There, facing him, anchored to the sea bed close up against the side of the boat, was the answer to the question which had been echoing in his brain: Where was Bernadotti?

The man’s black hair waved lazily in the currents set up by the swing of the loaded net, and his eyes bulged in the rigid stare of death.

-3-

“Come on, come on, wake up!” shouted Inspector Lebec impatiently.

Captain William Finnegan began to stir uneasily out of his deep dream of peace; and then someone sloshed another bucketful of cold sea-water over him, none too gently.

Finnegan, flat on his back on the deck of the Phoenix, twitched three or four times, then spluttered, gasped, coughed, and finally opened his eyes. He looked up at the impassive form of Lebec framed against the fading blue and white of the evening sky.

“Wha—?” said Finnegan, and shut his eyes again.

Another bucket of water sloshed over him.

“Wha—?” said Finnegan, more loudly.

He tried to get up on one elbow, but fell back.

“Come on—wake up!” Lebec repeated.

Arabella shook her head dubiously.

“What’s the use? He couldn’t have done it,” she said. “Not in that condition.”

Lebec stood for a while, chewing his lower lip reflectively as he looked down at the groggily blinking Finnegan. Then he seemed to make up his mind.

“I agree. It is difficult to imagine that he could be capable of anything but sleep. And his condition was no better when we discovered him earlier, in the storage room.” Lebec glanced at his watch. “The next load will soon be due. Once we have dealt with it, we will lock him away until he becomes sober.”

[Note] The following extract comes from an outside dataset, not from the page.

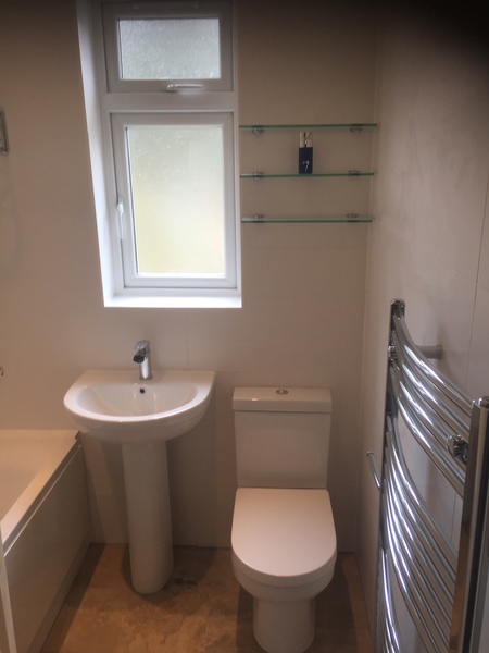 We work on all types of properties and can install a simple bathroom suite or a much more complex suite depending on your need and requirements. Here is a sample of some of our work. We can work in large spaces or if you need to squeeze a toilet into a small space, we can work on that too.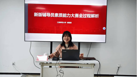 本次培训邀请了第八届全国高校辅导员素质能力大赛一等奖、第八届江西省高校辅导员素质能力大赛一等奖、江西省“十大最美辅导员”获得者,江西师范大学美术学院团委书记胡园慧教授为大家授课。胡园慧以《新版辅导员素质能力大赛全过程解析》为主题,结合自身多年参赛备赛经验和大赛评审视角,从大赛赛制变化、各环节考核重点、备赛技巧方法、典型案例解析等方面进行了系统全面的讲解。授课内容兼具理论高度与实践温度,既有对大赛规则的精准解读,又有对实操技巧的细致指导,更有对辅导员日常工作的经验分享,干货满满、指导性极强,为全体辅导员理清了备赛思路、明确了学习方向。

Arabella looked around at the gold that lay spread out in shallow stacks on the deck. She could still hardly believe it all. It seemed incredible that in the space of two and a half days she could have been through so many experiences of a kind that had never touched her life before. She had been rescued from death in a bull-ring; she had been chased through a swamp and charged with a lance; she had been threatened by grotesquely dice-helmeted characters in a night club and had a man murdered almost in her arms, had been locked up in a police cell, and finally run down by her own yacht. It was quite incredible that all these things had actually happened to her; and it was equally hard to believe in the reality of all that gold.

But there it was before her eyes, gleaming in the rays of the setting sun—the magical sight of real gold in the gold of the sunset. There would be four million dollars’ worth, or so, and Lebec had told her that the ten percent reward would go half to her and half to the Saint.

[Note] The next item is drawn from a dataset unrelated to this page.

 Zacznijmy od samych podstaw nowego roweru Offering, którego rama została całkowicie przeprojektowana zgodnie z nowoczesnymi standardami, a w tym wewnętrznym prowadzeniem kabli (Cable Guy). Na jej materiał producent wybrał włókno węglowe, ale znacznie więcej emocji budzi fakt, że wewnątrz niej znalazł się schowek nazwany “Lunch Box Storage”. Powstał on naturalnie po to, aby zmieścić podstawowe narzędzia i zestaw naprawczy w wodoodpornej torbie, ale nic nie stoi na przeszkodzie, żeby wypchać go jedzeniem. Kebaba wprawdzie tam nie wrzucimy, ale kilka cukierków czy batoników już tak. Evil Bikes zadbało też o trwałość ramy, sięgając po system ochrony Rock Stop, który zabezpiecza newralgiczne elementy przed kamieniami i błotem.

Arabella had to confess to herself that the division seemed more than fair to her. True, without her yacht the gold wouldn’t have been found, and her equipment was being used to recover it. But she could hardly forget that it was her husband who had stolen it in the first place; and more than once since Lebec’s mention of the reward she had wondered whether as the thief’s widow she could not be debarred from taking a share in it.

“How many loads more?” she asked Lebec.

“Your friend Monsieur Templar thought two. One is due now. Then it will be the last.”

She indicated the gold on the deck.

“How much so far?”

Lebec fired off the question in French at the crewman from the launch, who was sitting lugubriously by the spare winch they had been using. He was waiting now for the next twitch on the rope, like a bored fisherman waiting for a bite. He consulted the careful record he had been keeping as he and Lebec counted the gold aboard.

“Cent soixante-cinq,” he said, without turning his head.